• [DATASET ENTRIES]:
=== Section Start ===

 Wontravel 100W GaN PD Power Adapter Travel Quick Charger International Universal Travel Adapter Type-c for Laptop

=== Section End ===
=== Section Start ===

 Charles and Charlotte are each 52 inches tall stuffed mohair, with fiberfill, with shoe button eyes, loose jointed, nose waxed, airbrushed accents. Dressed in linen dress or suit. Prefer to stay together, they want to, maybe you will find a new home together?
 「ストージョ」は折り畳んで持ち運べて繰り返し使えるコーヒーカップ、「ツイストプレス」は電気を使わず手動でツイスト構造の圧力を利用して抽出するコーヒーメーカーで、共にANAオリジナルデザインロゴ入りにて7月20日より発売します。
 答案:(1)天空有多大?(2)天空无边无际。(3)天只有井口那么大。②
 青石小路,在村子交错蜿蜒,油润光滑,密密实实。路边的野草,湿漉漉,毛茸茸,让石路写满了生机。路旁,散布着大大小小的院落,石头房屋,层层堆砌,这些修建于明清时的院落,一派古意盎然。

=== Section End ===

What is needed is an exact copy of the lines above, from the one containing "Charles and Charlotte" through the one containing "青石小路,在村子交错蜿蜒,油", with nothing added.

 Charles and Charlotte are each 52 inches tall stuffed mohair, with fiberfill, with shoe button eyes, loose jointed, nose waxed, airbrushed accents. Dressed in linen dress or suit. Prefer to stay together, they want to, maybe you will find a new home together?
 「ストージョ」は折り畳んで持ち運べて繰り返し使えるコーヒーカップ、「ツイストプレス」は電気を使わず手動でツイスト構造の圧力を利用して抽出するコーヒーメーカーで、共にANAオリジナルデザインロゴ入りにて7月20日より発売します。
 答案:(1)天空有多大?(2)天空无边无际。(3)天只有井口那么大。②
 青石小路,在村子交错蜿蜒,油润光滑,密密实实。路边的野草,湿漉漉,毛茸茸,让石路写满了生机。路旁,散布着大大小小的院落,石头房屋,层层堆砌,这些修建于明清时的院落,一派古意盎然。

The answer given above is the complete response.